Please repeat only the lines below starting at the line that holds "2025年1月14日(火)開校決定 2024 12/20" and ending at the line that holds "Betalte ekstra for", exactly, with both of those lines included and every picture omitted.

- GIVEN INFORMATION
-.-.-

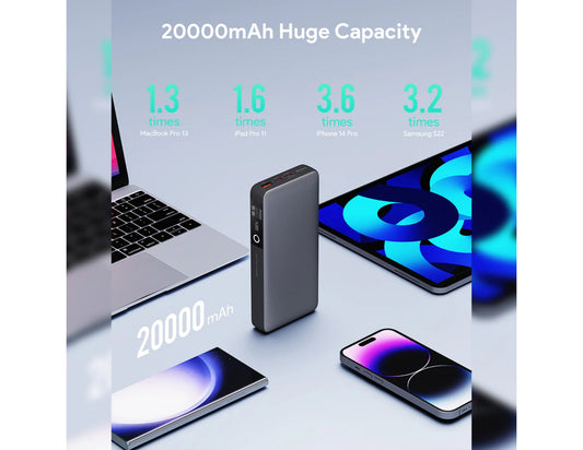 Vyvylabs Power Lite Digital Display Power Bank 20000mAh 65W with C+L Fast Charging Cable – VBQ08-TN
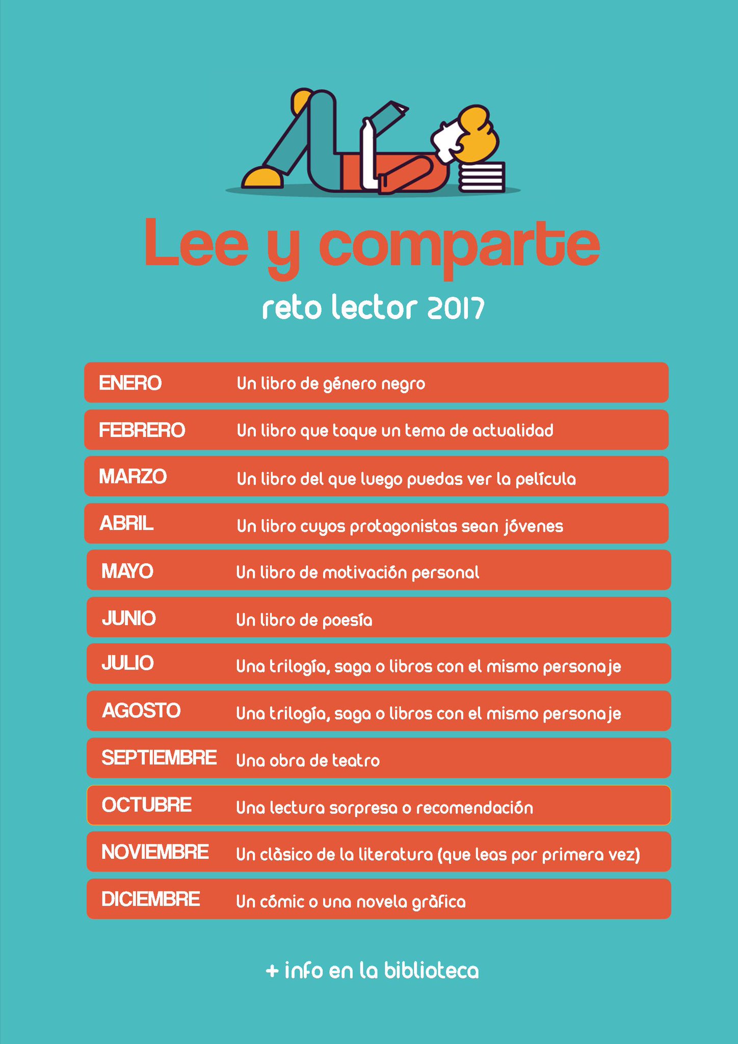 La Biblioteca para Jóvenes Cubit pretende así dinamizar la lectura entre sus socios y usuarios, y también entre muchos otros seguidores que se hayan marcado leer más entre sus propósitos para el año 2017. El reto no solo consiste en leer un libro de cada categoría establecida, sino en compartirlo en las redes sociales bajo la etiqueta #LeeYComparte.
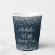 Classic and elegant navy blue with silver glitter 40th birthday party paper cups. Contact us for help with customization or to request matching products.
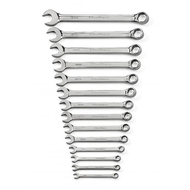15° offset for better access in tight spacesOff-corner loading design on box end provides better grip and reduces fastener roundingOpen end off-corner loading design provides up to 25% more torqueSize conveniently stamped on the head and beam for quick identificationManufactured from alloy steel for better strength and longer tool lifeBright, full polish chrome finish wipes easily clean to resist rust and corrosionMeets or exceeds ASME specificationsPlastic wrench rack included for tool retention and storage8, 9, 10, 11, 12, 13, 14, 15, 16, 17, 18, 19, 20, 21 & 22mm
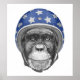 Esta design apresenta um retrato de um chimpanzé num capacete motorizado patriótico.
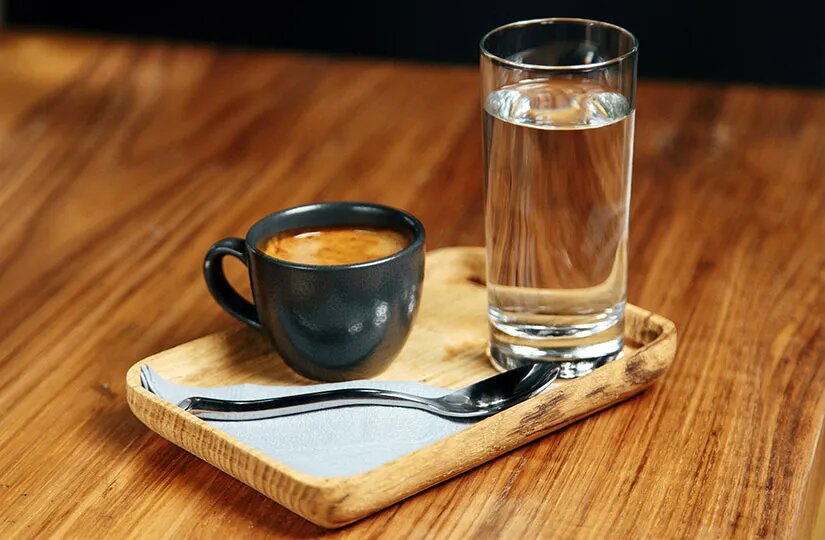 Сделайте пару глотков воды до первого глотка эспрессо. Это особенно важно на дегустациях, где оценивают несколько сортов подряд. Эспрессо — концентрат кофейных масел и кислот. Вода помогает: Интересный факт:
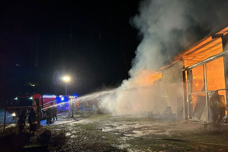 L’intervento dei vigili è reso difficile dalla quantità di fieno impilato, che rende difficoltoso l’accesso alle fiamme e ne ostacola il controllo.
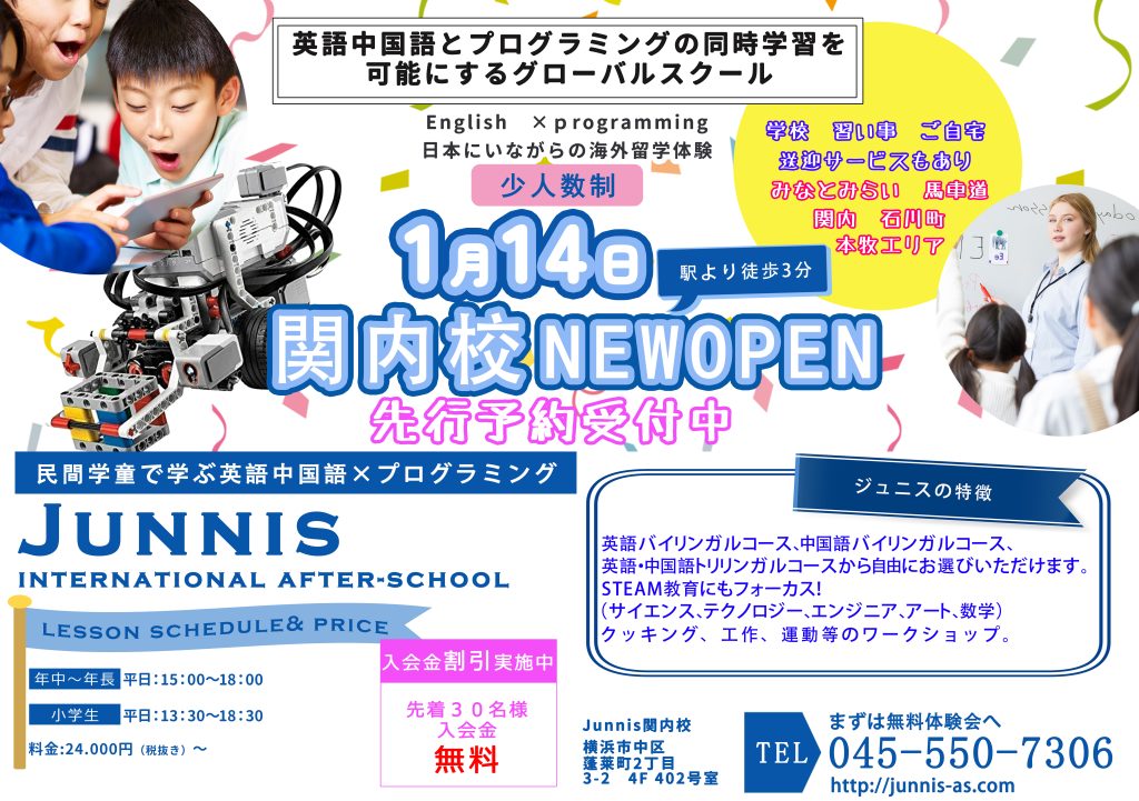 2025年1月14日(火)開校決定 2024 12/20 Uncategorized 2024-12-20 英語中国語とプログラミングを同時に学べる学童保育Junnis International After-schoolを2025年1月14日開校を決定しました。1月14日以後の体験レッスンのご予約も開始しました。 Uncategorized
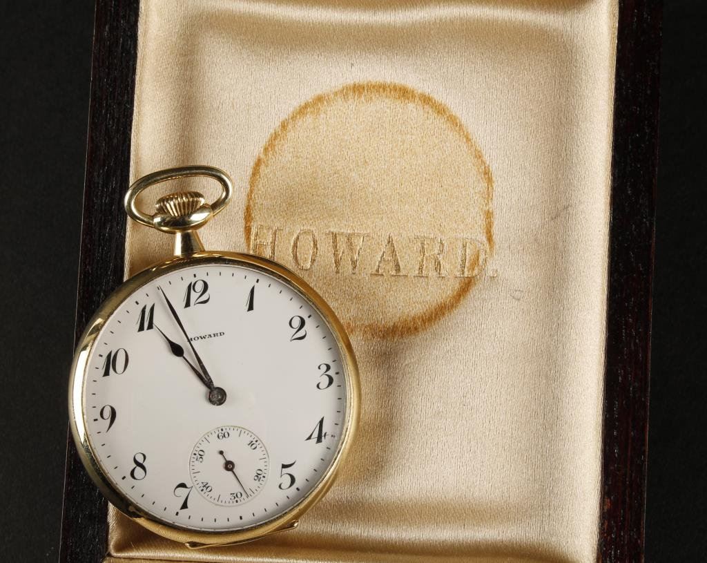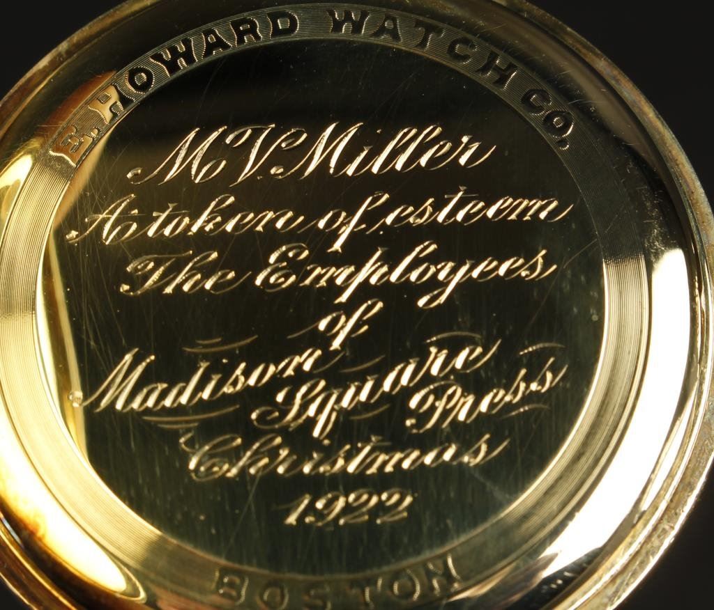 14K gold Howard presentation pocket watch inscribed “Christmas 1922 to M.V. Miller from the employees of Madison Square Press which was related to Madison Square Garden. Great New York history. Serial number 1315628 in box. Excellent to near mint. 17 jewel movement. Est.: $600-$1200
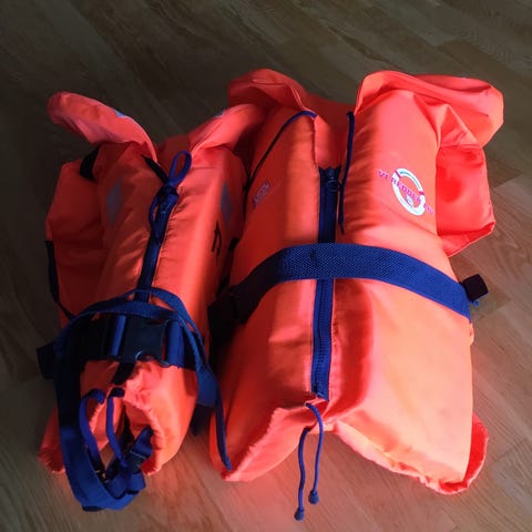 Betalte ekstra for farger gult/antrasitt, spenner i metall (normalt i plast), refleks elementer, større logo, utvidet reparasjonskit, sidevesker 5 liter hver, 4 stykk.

-.-.-

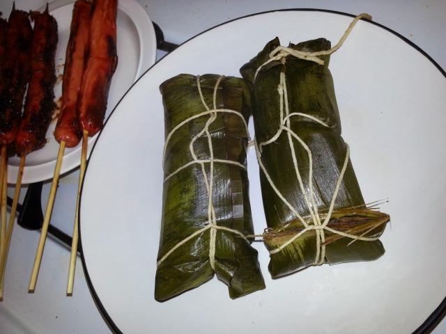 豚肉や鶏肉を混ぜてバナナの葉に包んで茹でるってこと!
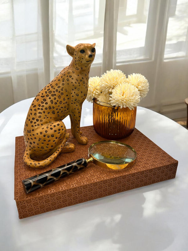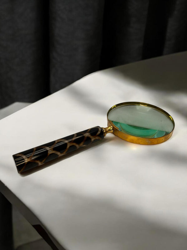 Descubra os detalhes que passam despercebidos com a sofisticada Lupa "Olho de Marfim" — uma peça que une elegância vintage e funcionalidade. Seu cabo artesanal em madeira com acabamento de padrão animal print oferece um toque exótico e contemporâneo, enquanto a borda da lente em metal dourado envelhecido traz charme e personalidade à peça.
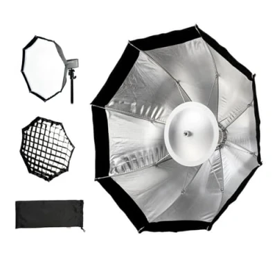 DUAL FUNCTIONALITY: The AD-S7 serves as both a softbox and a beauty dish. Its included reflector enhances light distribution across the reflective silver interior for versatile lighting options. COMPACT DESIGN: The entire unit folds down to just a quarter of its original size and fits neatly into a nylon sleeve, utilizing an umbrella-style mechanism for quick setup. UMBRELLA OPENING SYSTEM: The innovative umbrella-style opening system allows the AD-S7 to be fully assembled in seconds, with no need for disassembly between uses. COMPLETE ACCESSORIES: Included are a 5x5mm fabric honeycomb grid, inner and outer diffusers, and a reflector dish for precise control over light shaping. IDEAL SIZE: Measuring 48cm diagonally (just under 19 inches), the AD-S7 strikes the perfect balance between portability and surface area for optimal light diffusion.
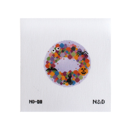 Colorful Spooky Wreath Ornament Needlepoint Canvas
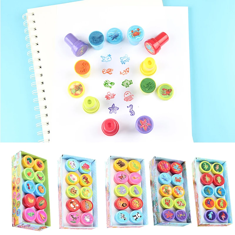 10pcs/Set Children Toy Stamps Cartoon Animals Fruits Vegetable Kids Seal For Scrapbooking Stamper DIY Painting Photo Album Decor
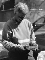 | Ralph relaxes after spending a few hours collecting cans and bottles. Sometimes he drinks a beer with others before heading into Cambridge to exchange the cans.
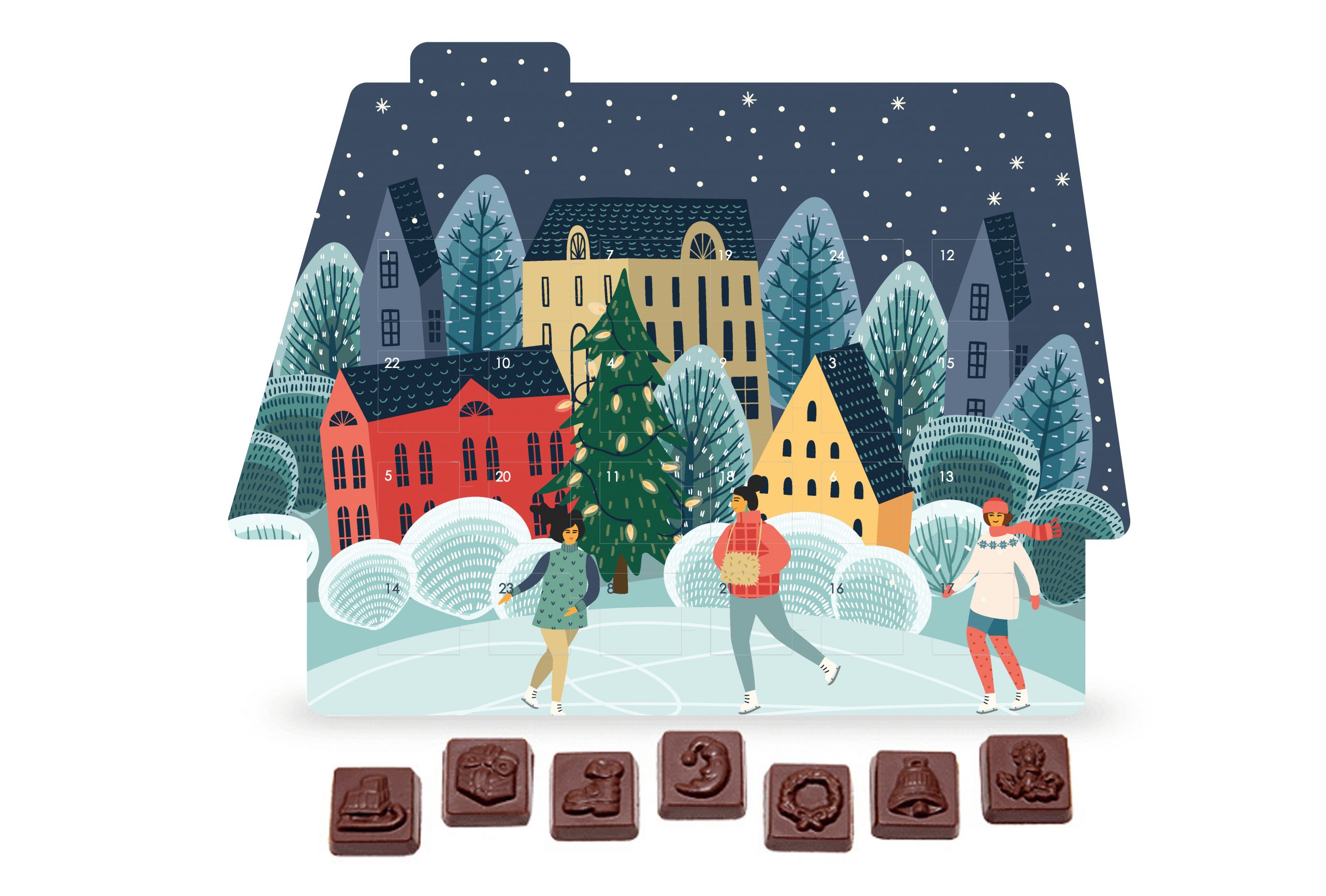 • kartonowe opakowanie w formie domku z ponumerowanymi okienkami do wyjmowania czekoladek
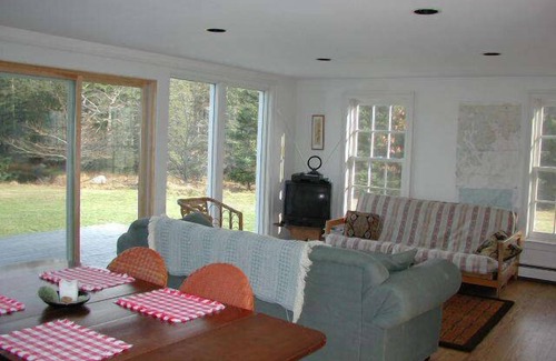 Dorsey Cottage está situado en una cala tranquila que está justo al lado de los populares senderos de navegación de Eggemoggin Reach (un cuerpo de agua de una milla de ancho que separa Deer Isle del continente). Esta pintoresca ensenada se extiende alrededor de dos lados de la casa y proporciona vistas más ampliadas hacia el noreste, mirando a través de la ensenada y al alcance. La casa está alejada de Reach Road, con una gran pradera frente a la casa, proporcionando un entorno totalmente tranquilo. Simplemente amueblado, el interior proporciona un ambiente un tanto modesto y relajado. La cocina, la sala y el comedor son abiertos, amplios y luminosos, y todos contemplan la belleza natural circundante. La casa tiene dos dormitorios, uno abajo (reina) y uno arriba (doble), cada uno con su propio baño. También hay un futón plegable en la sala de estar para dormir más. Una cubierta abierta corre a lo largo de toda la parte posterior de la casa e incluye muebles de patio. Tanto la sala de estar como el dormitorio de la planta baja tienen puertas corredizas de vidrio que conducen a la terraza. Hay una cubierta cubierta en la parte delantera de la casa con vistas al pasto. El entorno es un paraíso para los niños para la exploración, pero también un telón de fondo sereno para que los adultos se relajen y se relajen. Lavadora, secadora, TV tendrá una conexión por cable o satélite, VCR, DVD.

-.-.-

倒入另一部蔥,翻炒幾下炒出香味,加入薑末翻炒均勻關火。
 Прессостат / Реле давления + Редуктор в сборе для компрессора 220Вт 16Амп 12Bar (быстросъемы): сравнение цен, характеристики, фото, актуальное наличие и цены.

-.-.-

- RESPONSE AREA
 2025年1月14日(火)開校決定 2024 12/20 Uncategorized 2024-12-20 英語中国語とプログラミングを同時に学べる学童保育Junnis International After-schoolを2025年1月14日開校を決定しました。1月14日以後の体験レッスンのご予約も開始しました。 Uncategorized
 14K gold Howard presentation pocket watch inscribed “Christmas 1922 to M.V. Miller from the employees of Madison Square Press which was related to Madison Square Garden. Great New York history. Serial number 1315628 in box. Excellent to near mint. 17 jewel movement. Est.: $600-$1200
 Betalte ekstra for farger gult/antrasitt, spenner i metall (normalt i plast), refleks elementer, større logo, utvidet reparasjonskit, sidevesker 5 liter hver, 4 stykk.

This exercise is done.